HONEYWELL INTERNATIONAL INC.,

 

Issuer

 

DEUTSCHE BANK TRUST COMPANY AMERICAS,

 

Trustee

 

FIRST SUPPLEMENTAL INDENTURE

 

Dated as of October 27, 2017

 

to

 

Indenture dated as of March 1, 2007

 

THIS FIRST SUPPLEMENTAL INDENTURE (the “First Supplemental Indenture”) is made this 27th day of October, 2017, between HONEYWELL INTERNATIONAL INC., a corporation duly incorporated and existing under the laws of Delaware and having its principal executive office at 115 Tabor Road, Morris Plains, New Jersey (hereinafter called the “Company”), and DEUTSCHE BANK TRUST COMPANY AMERICAS, as Trustee (hereinafter called the “Trustee”).

 

RECITALS OF THE COMPANY

 

WHEREAS, the Company entered into an Indenture, dated as of March 1, 2007, with the Trustee (the “Base Indenture,” and together with this First Supplemental Indenture, referred to herein as the “Indenture”) (all capitalized terms used in this First Supplemental Indenture and not otherwise defined herein have the meanings assigned to such terms in the Base Indenture), for the purposes of issuing its Securities, evidencing its senior unsecured indebtedness, unlimited as to principal amount, to bear such rates of interest, to mature at such time or times, to be issued in one or more series and to have such other provisions as may be established pursuant to the Base Indenture; and

 

WHEREAS, Section 9.01 of the Base Indenture provides that without the consent of the Holders of the Securities of any series issued under the Base Indenture, the Company, when authorized by a resolution of its Board of Directors, and the Trustee may, in certain circumstances, enter into one or more indentures supplemental to the Base Indenture; and

 

WHEREAS, the Company has heretofore established and issued series of Securities pursuant to the terms of the Base Indenture; and

 

WHEREAS, the Company proposes to establish and issue further series of Securities pursuant to the terms of the Base Indenture (such further series of Securities being referred to herein as the “Future Senior Notes”) and desires to modify Section 11.02 of the Base Indenture prior to any establishment and issuance of any Future Senior Notes; and

 

WHEREAS, the entry into this First Supplemental Indenture by the parties hereto is in all respect authorized by the provisions of the Base Indenture; and

 

WHEREAS, all conditions necessary to authorize the execution and delivery of this First Supplemental Indenture and to make it a valid and binding obligation of the Company have been done or performed;

 

NOW, THEREFORE:

 

In consideration of the promises and the purchases of the Future Senior Notes by the Holders thereof, the Company and the Trustee mutually covenant and agree for the equal and proportionate benefit of the respective Holders from time to time of the Future Senior Notes as follows:

 

Section 1.           The Base Indenture is hereby amended solely with respect to any and all Future Senior Notes by replacing the first sentence of Section 11.02 of the Base Indenture in its entirety as follows:

 

“Notice of redemption to the Holders of Securities of any series to be redeemed as a whole or in part shall be given by mailing notice of such redemption by first class mail, postage prepaid, at least 10 days and not more than 60 days prior to the date fixed for redemption to such Holders of Securities at their last addresses as they shall appear upon the registry books.”

 

Section 2.           The recitals and statements in this First Supplemental Indenture are made by the Company only and not by the Trustee, and the Trustee makes no representation as to the validity or sufficiency of this First Supplemental Indenture (other than with respect to the due authorization, execution and delivery of this First Supplemental Indenture by the Trustee).
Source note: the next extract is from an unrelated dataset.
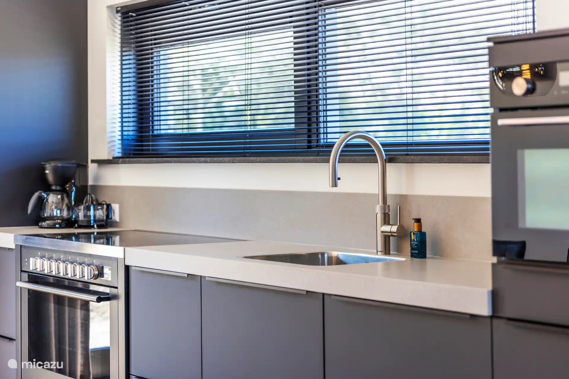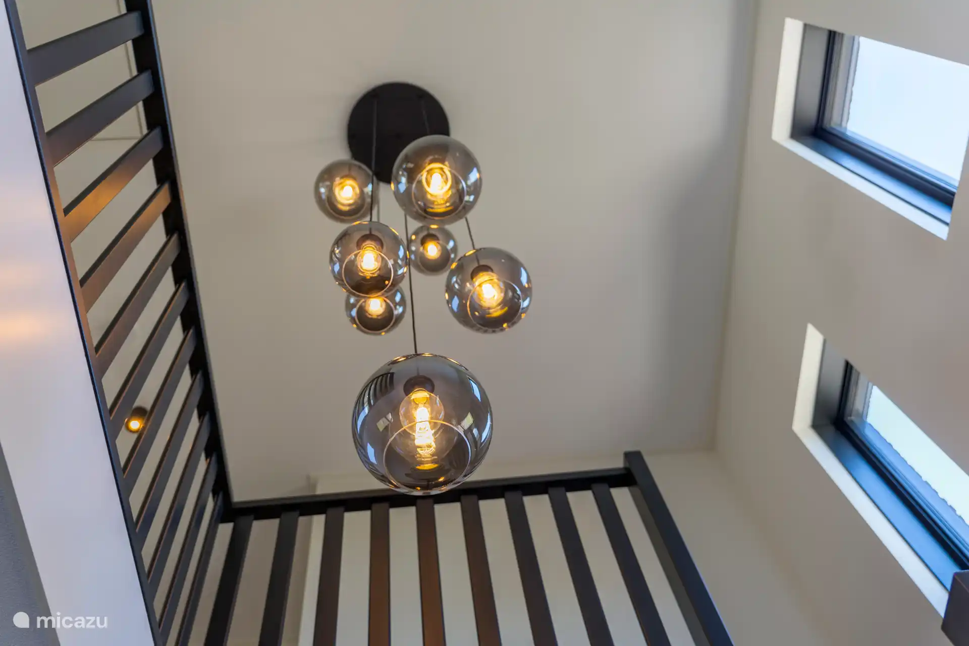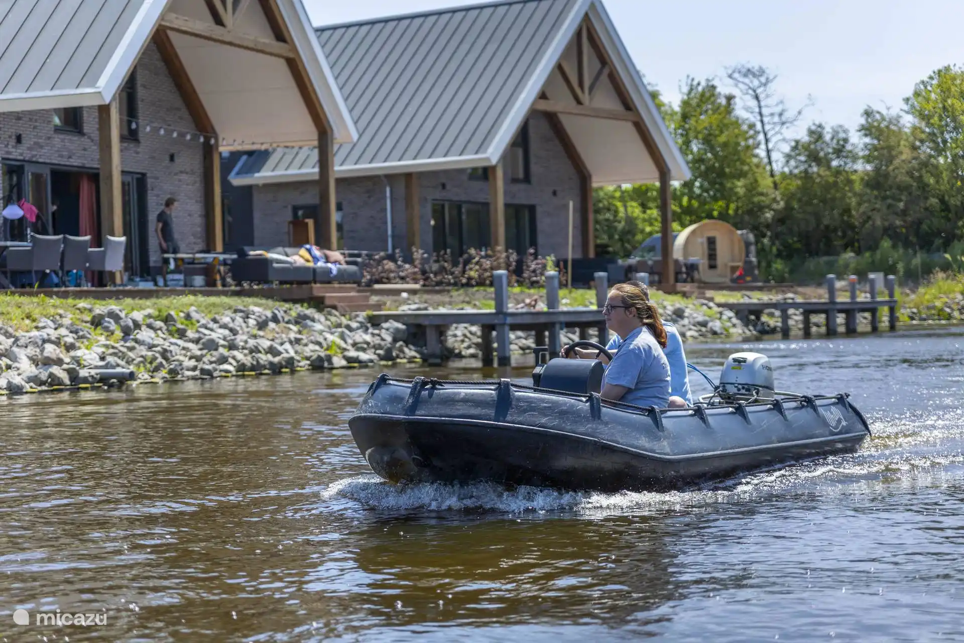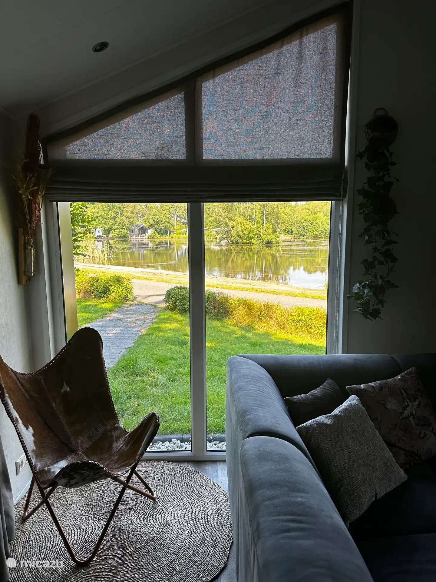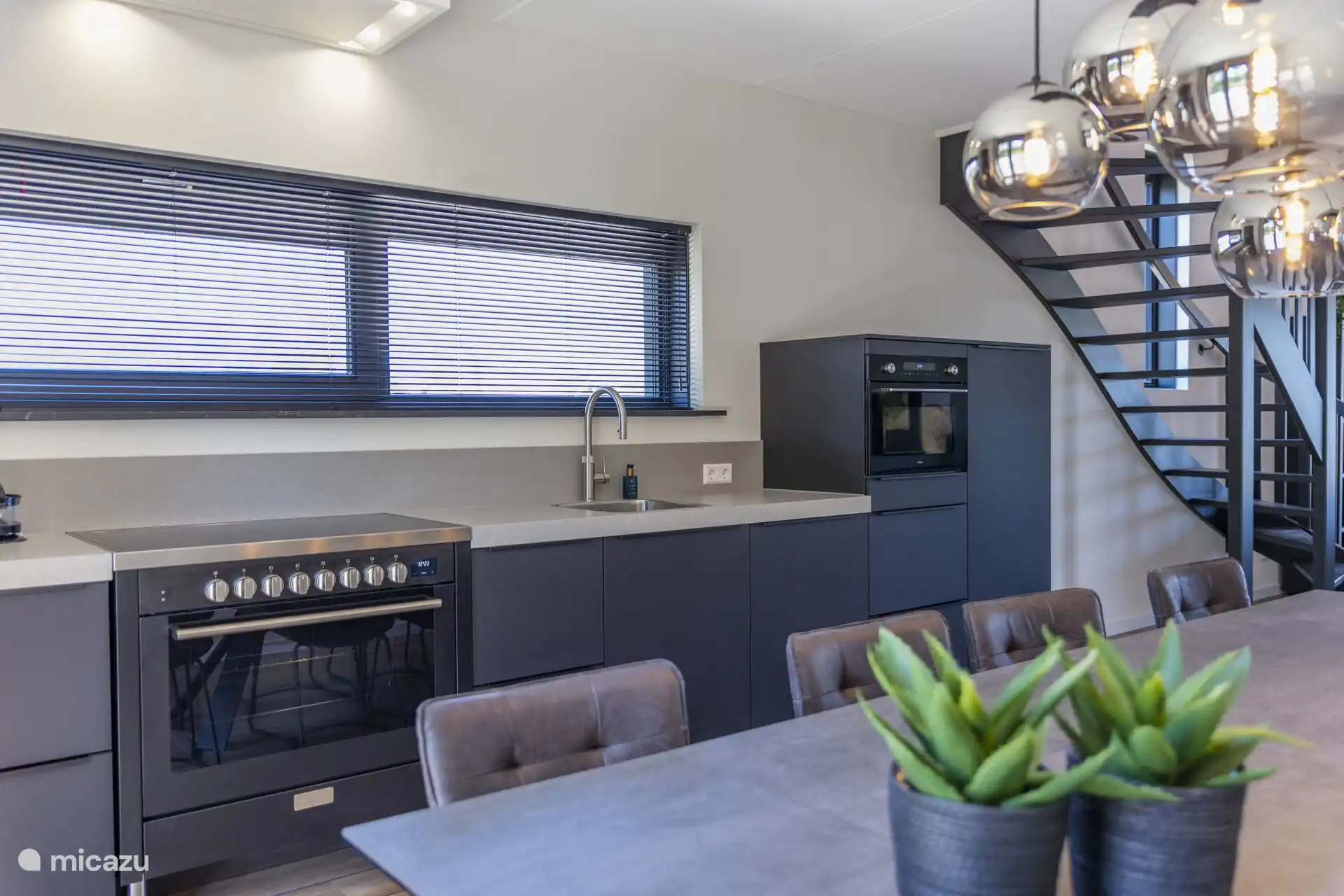 **Begane grond:** Zij-entree met meterkast (extra groepen) en toiletruimte met zwevend toilet geeft toegang tot het woongedeelte. Het U-vormige woongedeelte straalt een warme, luxe sfeer uit door de combinatie van lichte wanden, een houtlook PVC vloer en stijlvolle meubels. Vanuit de woonkamer en keuken heeft u een prachtig uitzicht op de tuin, het terras en het open water. De ruime keuken is volledig uitgerust met moderne inbouwapparatuur en een stijlvolle bar, perfect voor een ontspannen ontbijt. Het bijgebouw schuin achter de woning is voorzien van een inloopdouche en een wastafel. U kunt dit gebied gebruiken zoals u wilt; een vierde slaapkamer of een spa. De infraroodsauna is al beschikbaar. Of wil je werk en vrije tijd combineren? Dit is een uitstekend kantoor.

All of the provisions contained in the Base Indenture in respect of the rights, privileges, immunities, powers and duties of the Trustee shall be applicable in respect of the Future Senior Notes and of this First Supplemental Indenture as fully and with like effect as if set forth herein in full.

 

Section 3.           As supplemented hereby, the Base Indenture is in all respects ratified and confirmed, and the Base Indenture and this First Supplemental Indenture shall be read, taken and construed as one and the same instrument.

 

Section 4.           This First Supplemental Indenture shall be governed by, and construed in accordance with, the laws of the State of New York.

 

Section 5.           In the event of a conflict between the terms and conditions of the Base Indenture and the terms and conditions of this First Supplemental Indenture, then the terms and conditions of this First Supplemental Indenture shall prevail; provided that if and to the extent that any provision of this First Supplemental Indenture limits, qualifies or conflicts with another provision which is required to be included herein or in the Base Indenture by the Trust Indenture Act of 1939, as amended, such required provision shall control.

 

Section 6.           All covenants and agreements in this First Supplemental Indenture by the Company shall bind its successors and assigns, whether so expressed or not.

 

Section 7.           In case any provision in this First Supplemental Indenture shall be invalid, illegal or unenforceable, the validity, legality and enforceability of the remaining provisions shall not in any way be affected or impaired hereby.

 

Section 8.           Nothing in this First Supplemental Indenture, expressed or implied, shall give to any Person, other than the parties hereto and any Paying Agent and any Registrar for, and any Person authorized to authenticate and deliver on behalf of the Trustee, the Future Senior Notes and their successors under the Indenture, and the Holders of the Future Senior Notes any benefit or any legal or equitable right, remedy or claim under this First Supplemental Indenture.

 

Section 9.           This First Supplemental Indenture may be simultaneously executed in several counterparts, each of which shall be deemed to be an original, and such counterparts shall together constitute but one and the same instrument.

 

[Signature page follows]

 

IN WITNESS WHEREOF, the parties hereto have caused this First Supplemental Indenture dated as of October 27, 2017 to be duly executed, all as of October 27, 2017.

 

  HONEYWELL INTERNATIONAL INC.,
as Company
 
     
  By: /s/ John J. Tus  
    Name:  John J. Tus  
    Title:    Vice President and Treasurer  

 

[Signature Page to First Supplemental Indenture]

 
  DEUTSCHE BANK TRUST COMPANY AMERICAS,
as Trustee
 
     
  By: /s/ Kathryn Fischer  
    Name:  Kathryn Fischer  
    Title:    Assistant Vice President  
       
  By: /s/ Debra A. Schwalb  
    Name:  Debra A. Schwalb  
    Title:    Vice President  

 

[Signature Page to First Supplemental Indenture]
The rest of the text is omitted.